**Problem to solve**
A verbatim transcript of the data that follows, free of images, is the expected result.

[Collected data]
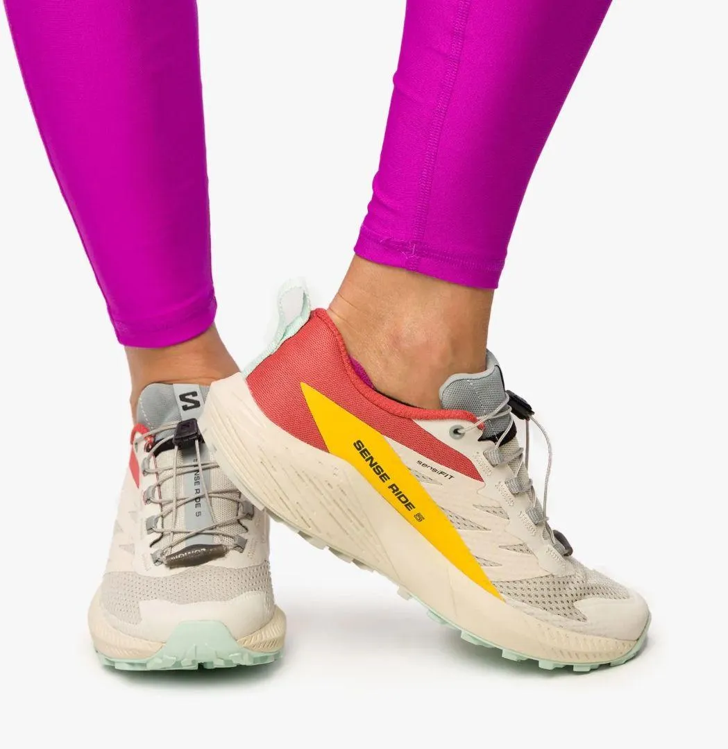 New without the box A versatile trail shoe that does it all, the SENSE RIDE 5 is equally in its element on short, fast trail runs as on ultra distances. A super comfortable overachiever that easily adapts to a variety of terrains, with a balanced midsole for cushioning, response and an engineered mesh upper with Sensifitâ„¢ for just the right amount of comfortable hold. Heel-Toe Offset: 8 mm Weight: 8.9 oz OPTIONS: Rainy Day/Hot Sauce/Freesia
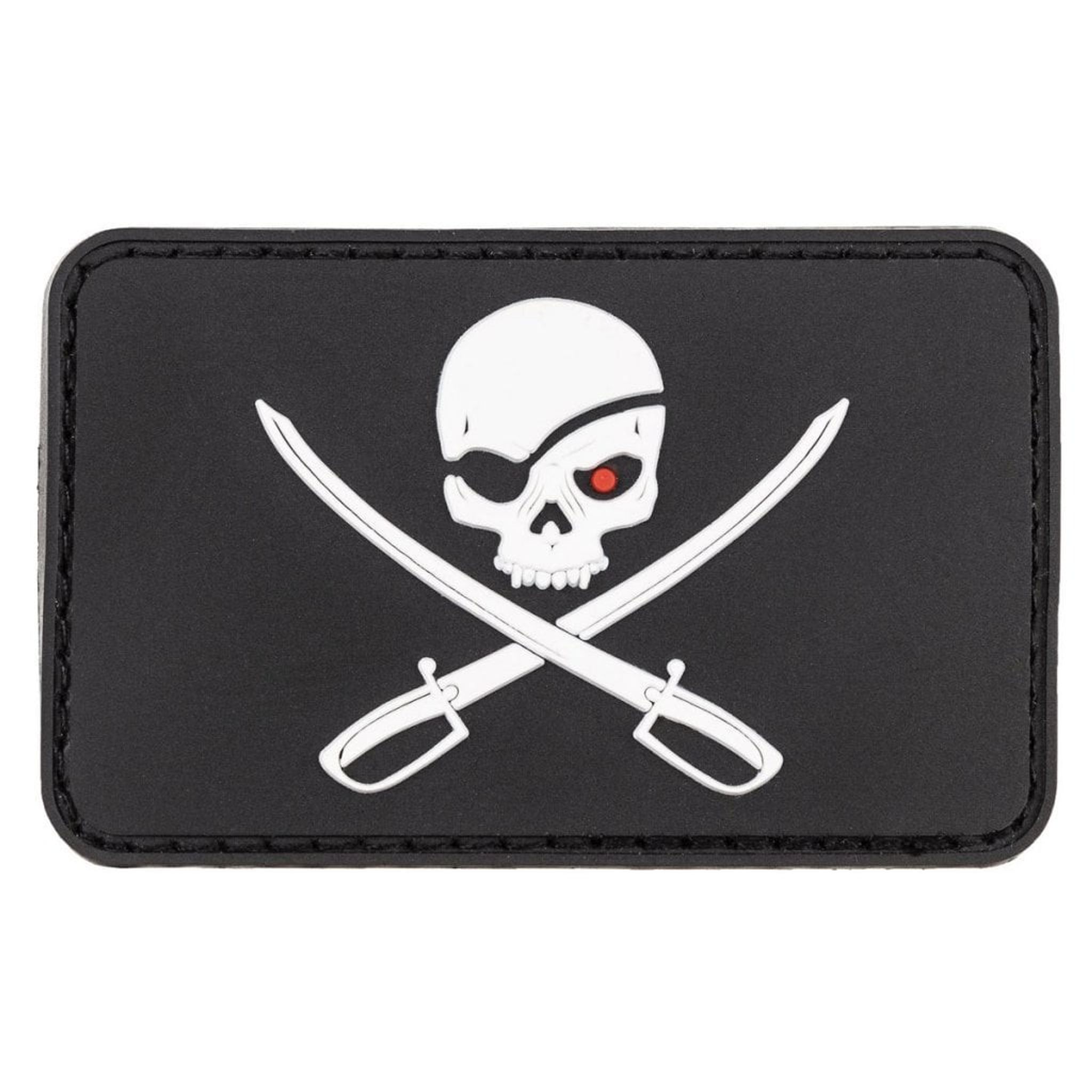 A black patch in rubber and with a Jolly Roger in 3D motifs.
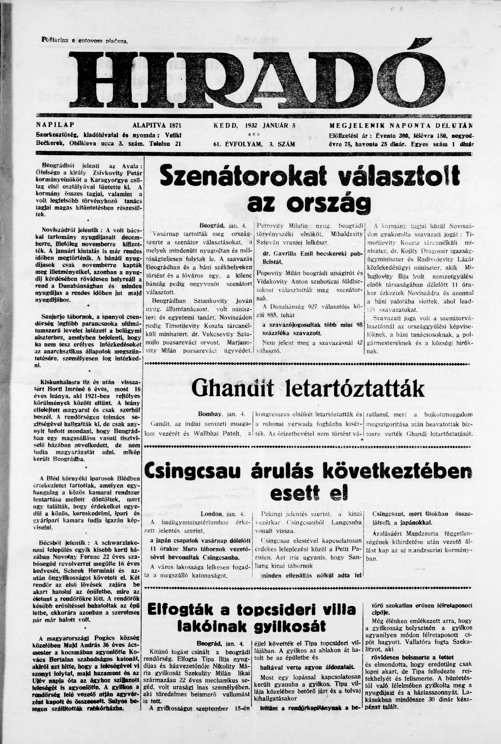 Híradó, 61. évf. 1932. január 5. 3. sz.
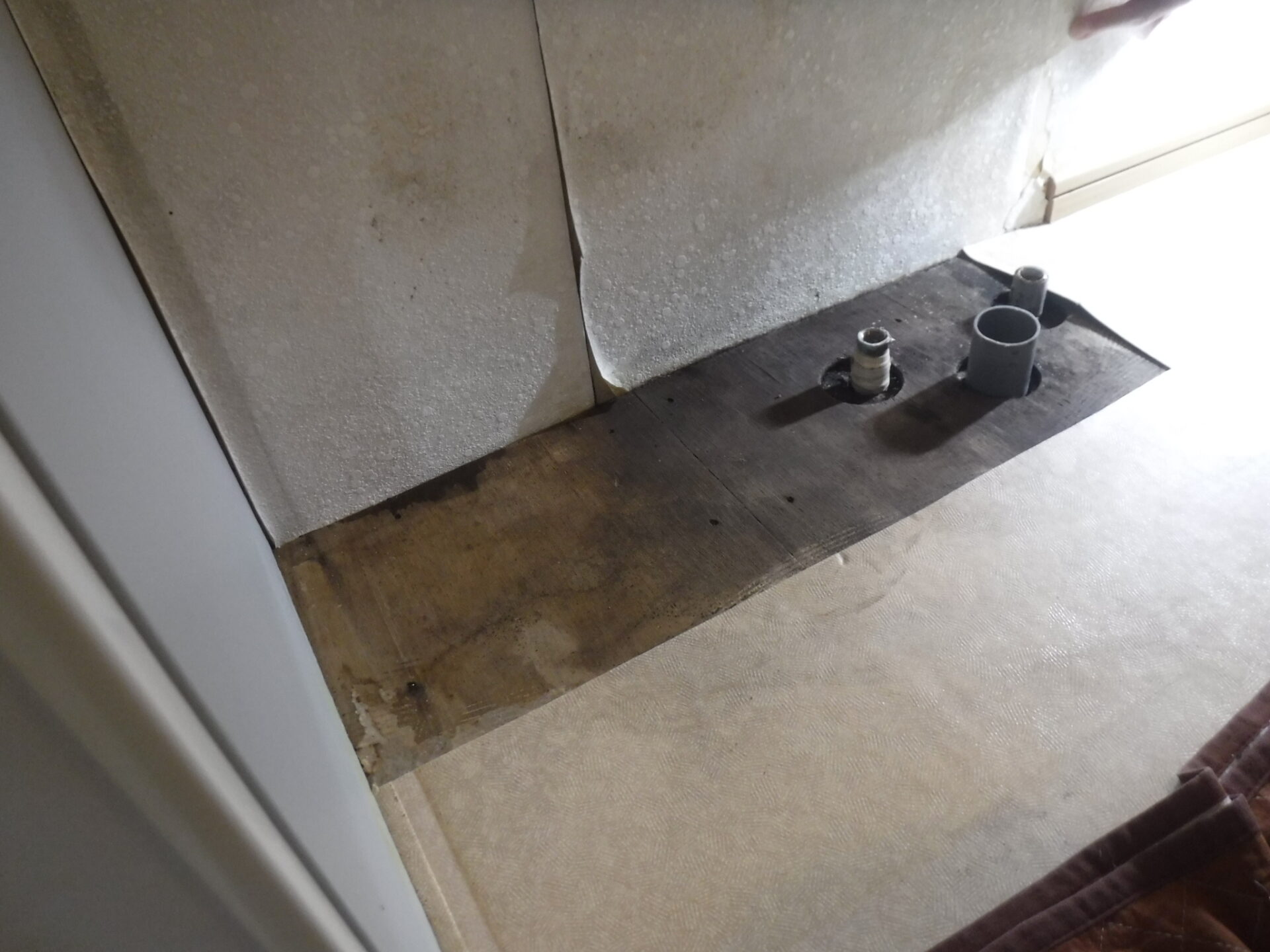 排水パイプを組み直してもダメで、洗面台の底面もボロボロだったので、
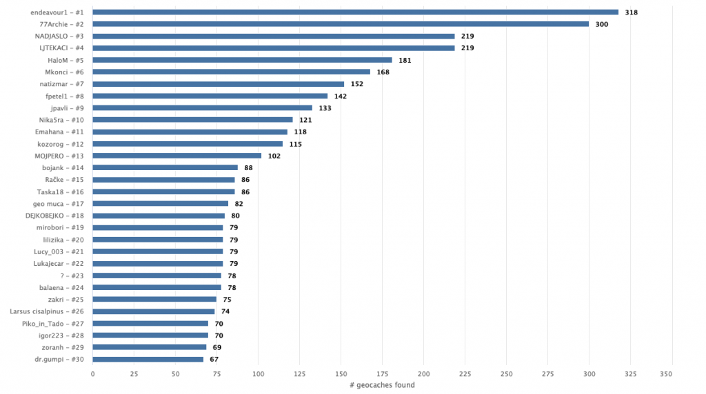 Kaj statistika pravi za junij? Očitno so domači geolovci odpotovali v tuje kraje, saj je obiskanost domačih škatlic opazno padla. Druga opazka pa je, da so se v naše kraje vrnili tudi tuji geolovci! Slabe dve tretjini najdb je ustvarilo 552 domačih ekip, ostalo tretjino pa 295 tujih ekip. Skupaj smo pologirali tako 847 zakladkov. Vsaj deset zakladov je poiskalo 153 domačih ekip, dvajset najdb je vknjižila pa okrogla stotica ekip. Prek najvišje letvice, to je sto najdb, je seglo 13 ekip. Najvišje uvrščeni trije so tokrat: endeavour1 (318), 77Archie (300), LJTEKACI in NADJASLO (219). Če se ne motim, imamo novega rekorderja na domačih tleh, ki je v mesecu dni pobral največ zakladov od pričetka beleženja podatkov. Čestitke obema, ki sta obrnila tri stotice na števcu!

**Solution**
 New without the box A versatile trail shoe that does it all, the SENSE RIDE 5 is equally in its element on short, fast trail runs as on ultra distances. A super comfortable overachiever that easily adapts to a variety of terrains, with a balanced midsole for cushioning, response and an engineered mesh upper with Sensifitâ„¢ for just the right amount of comfortable hold. Heel-Toe Offset: 8 mm Weight: 8.9 oz OPTIONS: Rainy Day/Hot Sauce/Freesia
 A black patch in rubber and with a Jolly Roger in 3D motifs.
 Híradó, 61. évf. 1932. január 5. 3. sz.
 排水パイプを組み直してもダメで、洗面台の底面もボロボロだったので、
 Kaj statistika pravi za junij? Očitno so domači geolovci odpotovali v tuje kraje, saj je obiskanost domačih škatlic opazno padla. Druga opazka pa je, da so se v naše kraje vrnili tudi tuji geolovci! Slabe dve tretjini najdb je ustvarilo 552 domačih ekip, ostalo tretjino pa 295 tujih ekip. Skupaj smo pologirali tako 847 zakladkov. Vsaj deset zakladov je poiskalo 153 domačih ekip, dvajset najdb je vknjižila pa okrogla stotica ekip. Prek najvišje letvice, to je sto najdb, je seglo 13 ekip. Najvišje uvrščeni trije so tokrat: endeavour1 (318), 77Archie (300), LJTEKACI in NADJASLO (219). Če se ne motim, imamo novega rekorderja na domačih tleh, ki je v mesecu dni pobral največ zakladov od pričetka beleženja podatkov. Čestitke obema, ki sta obrnila tri stotice na števcu!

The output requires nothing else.